| How to complete this task |
With the exception of the pictures, transcribe the entire listing exactly.

| Input data |

....

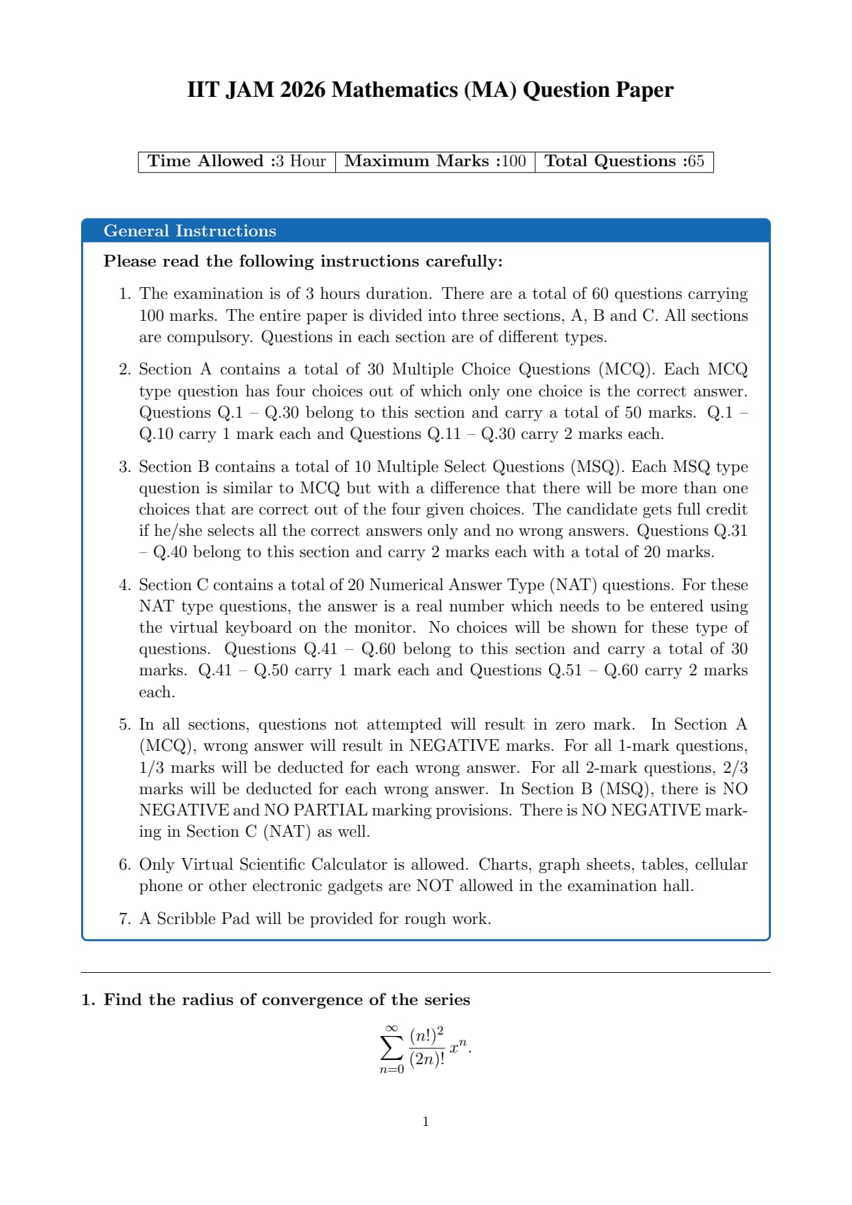 IIT JAM 2026 Mathematics (MA) Question Paper with Solution PDF – Memory Based
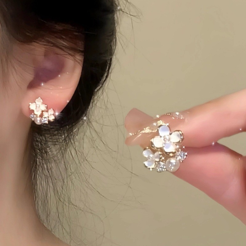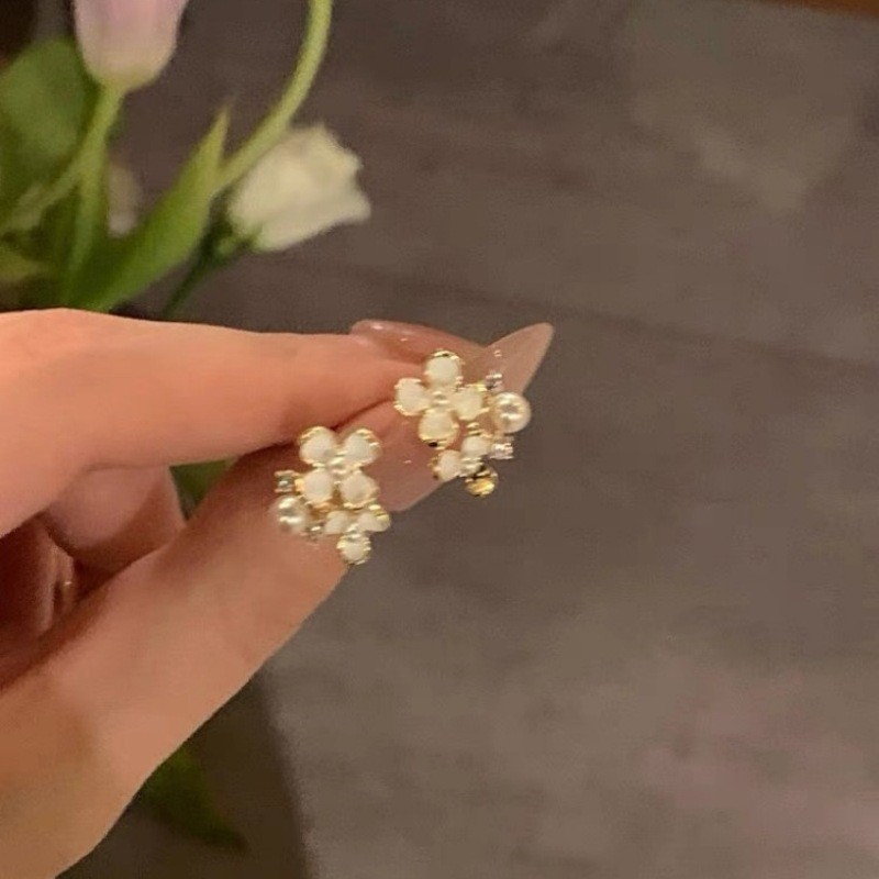氛围感甜美清新白色小花珍珠耳钉小众设计轻奢气质高级感百搭耳饰
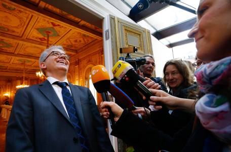 Wazir laughs as he answered journalists questions at the state parliament in Wiesbaden

....

| Reply to the task |
 IIT JAM 2026 Mathematics (MA) Question Paper with Solution PDF – Memory Based
氛围感甜美清新白色小花珍珠耳钉小众设计轻奢气质高级感百搭耳饰
 Wazir laughs as he answered journalists questions at the state parliament in Wiesbaden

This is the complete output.